Reading my reaction to Robben Island makes me think about the difference between seeing what you expect to see, and being surprised at what you encounter.  I suppose I had seen news coverage of the prison, and read the history of the treatment of the political prisoners, and it’s clear from my diary that what I saw on my visit corresponded to what I had anticipated; small cells, and harsh and humiliating treatments.

What I reflected on more specifically was that the guide who showed us around the prison and the island was himself a former prisoner who had made the decision to return, in spite of what happened to him there; it’s a powerful way of reclaiming your own story.

And I hadn’t expected the village to be there; a whole community that had previously been home to the prison staff, houses, a post office and a primary school with a rapidly shrinking roll, and ginger haired children running around us as we toured the island.  It had been a whole micro society centred around the prison, in sight of, but isolated and distant from the city of Cape Town.

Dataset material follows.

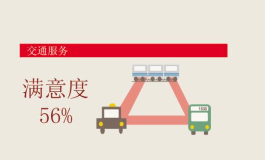 在關乎社會服務狀況的各方面,大多數居民表示滿意。其中,“交通服務”和“市容衛生”連續兩年均獲受訪者好評,本年表示“滿意”和“比較滿意”的合計比例分別為56%和55%,“不滿意”和“不太滿意”的合計比例均不過兩成。
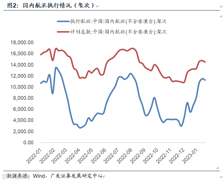 第一,春运客流同比增幅较大。节前陆续回乡,1月7日(春运第一天)-1月22日(春运第16天,正月初一)全国铁路、公路、水路、民航发送旅客同比落于38.9%-57.2%之间;节后集中返流,1月26日(初五)-1月28日(初七)同比增长高达85.9%、83.1%、75.8%。航空等前期受疫情影响的领域运输能力恢复迅速,1月国内执行航班日均10426架次,环比增长82.0%,较去年同期降幅大幅收窄为5.7%。

I also specifically noticed the discomfort of the boat to the island which was unimproved since it had been used as the prison supply vessel.

And the final sentence of the entry for 5 July was, I must eat something healthy tomorrow.….. So some things never change!

While We’re on the Subject of…… Penguins

Jill’s comment yesterday about the penguins at Boulders Beach in South Africa sent me back to flicking through my albums of my round the world trip in 1997.

My first port of call was Cape Town at the beginning of July, which everyone told me was a very odd time to visit South Africa; but it was off season, I didn’t need to plan too much in advance and could roll up to places unannounced and get a bed for the night.  To my eye, the weather was lovely, even though locals told me it was cold.

Before I went, I had no idea about the penguins, so close to the town.  But I went, I watched them and then I stayed at a bed and breakfast right beside the beach, which embraced the pure penguinness of the place.

While I was travelling, in my pre-digital camera days, I would have the rolls of completed film developed whenever I reached a place I would stay for a couple of days or enough time for them to be precessed.  After I’d weeded out any real duffers, I posted the prints back to my parents in the UK both for safe keeping, and so they could see where I was and what I was doing (this was also before I knew how to send email, or even if it were possible).  I kept the negatives just in case.  So when I got back to the UK after 5 months away I spent several enjoyable days reviewing the photos and remembering the adventures I’d had.

So now I’m thinking that maybe 15 years on I might occasionally post a reminder to myself where I was each week, and reflect on  the miles travelled and the people met.

Interested?  If you know the places now, you could tell me how they’ve changed in the intervening years.